3. Running the Script

Now, let's run it from our terminal. Make sure your virtual environment is still active (you should see (venv) in your prompt).

python not_an_agent.py

If everything is set up correctly, you should see a response printed to your console, something like this:

The capital of India is **New Delhi**.

Awesome! A simple request and a simple answer. This confirms our API key is valid and our local environment is ready to go.

4. What Just Happened (and Why It's Not an Agent)

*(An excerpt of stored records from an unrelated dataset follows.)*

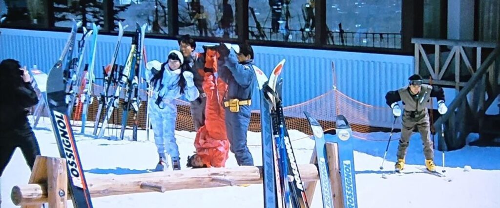 ▲馬場康夫監督、一色伸幸脚本の1987年公開『私をスキーに連れてって』。主演は原田知世、共演の三上博史はスキーができる俳優ということで抜擢され、本作を機にスター俳優へと駆け上がった。ヒロイン原田知世のニット帽にゴーグルスタイルは女性たちに大流行し、原田は日本アカデミー賞話題賞を受賞している。奥志賀高原スキー場、焼額山スキー場のゲレンデをはじめ、志賀高原プリンスホテル、万座プリンスホテルなどロケ地も話題になった映画。大晦日に三上博史たちが楽しむシーンは万座温泉ロッジ「ハウスユキ」で撮影された。当時、全日本スキー連盟会長だった堤義明氏から日本のスキー指導の第一人者で、万座スキー学校校長の黒岩達介氏への電話依頼で急遽撮影が決まり、通常営業をする中、3日間徹夜で撮影が実施されたという。スキーを八の字にした前走者の足の間に、同じように八の字にした後走者がスキーを入れて列車の一両編成のように連なった状態で滑る「トレイン走行」は、焼額山スキー場でのシーンであった影響から、焼額山スキー場でトレイン走行をするスキーヤーたちが増えた。写真は焼額山プリンスホテルの前での原田知世ら。
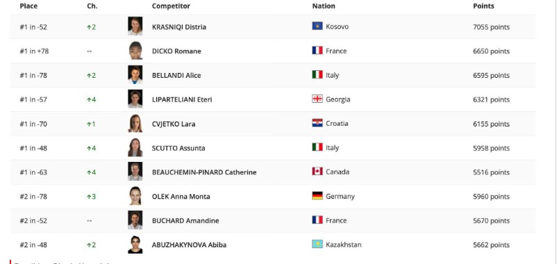 Më parë, kreun e renditjes në kategorinë deri në 52 kg e mbante francezja Amandine Buchard me 5700 pikë, por me pikët e fundit, Krasniqi ka marrë një epërsi bindëse, duke e shtyrë rivalen e saj në vendin e dytë.
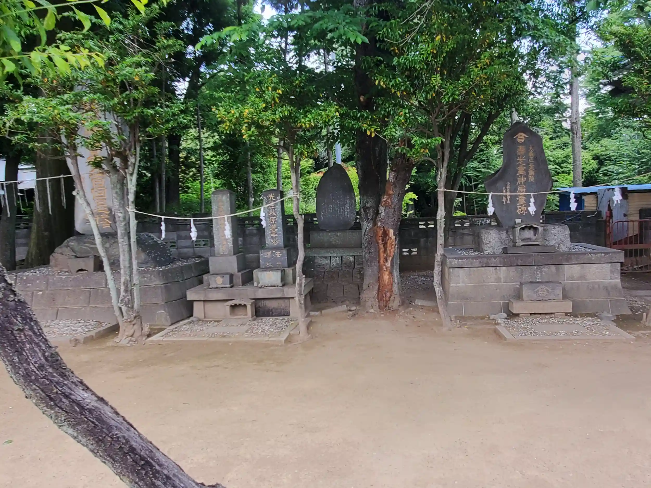 右の方に並ぶ霊神碑群

So, did we just build an agent? No, not even close.

What we did was make a single, direct API call. Our program had no ability to reason, no tools to use, and no capacity to take multiple steps. It simply passed a question to the LLM and printed the answer.

This is the fundamental building block. An agent, which we'll build next, is much more sophisticated. An agent can loop, make decisions, and use tools to enrich its responses.

Here's a visual comparison:

Our Current Script

graph TD
    A[User Prompt] --> B[Gemini LLM];
    B --> C[Final Answer];

A True Agent (Coming Next)

graph TD
    A[User Question] --> B{Agent Decides};
    B -- "Need Info" --> C[Tool: Search];
    C -- "Tool Result" --> B;
    B -- "Have Enough Info" --> D[Generate Final Answer];

By successfully running this simple script, we've validated our setup and built the first block. Now we're ready for the exciting part: giving our program a brain with LangGraph.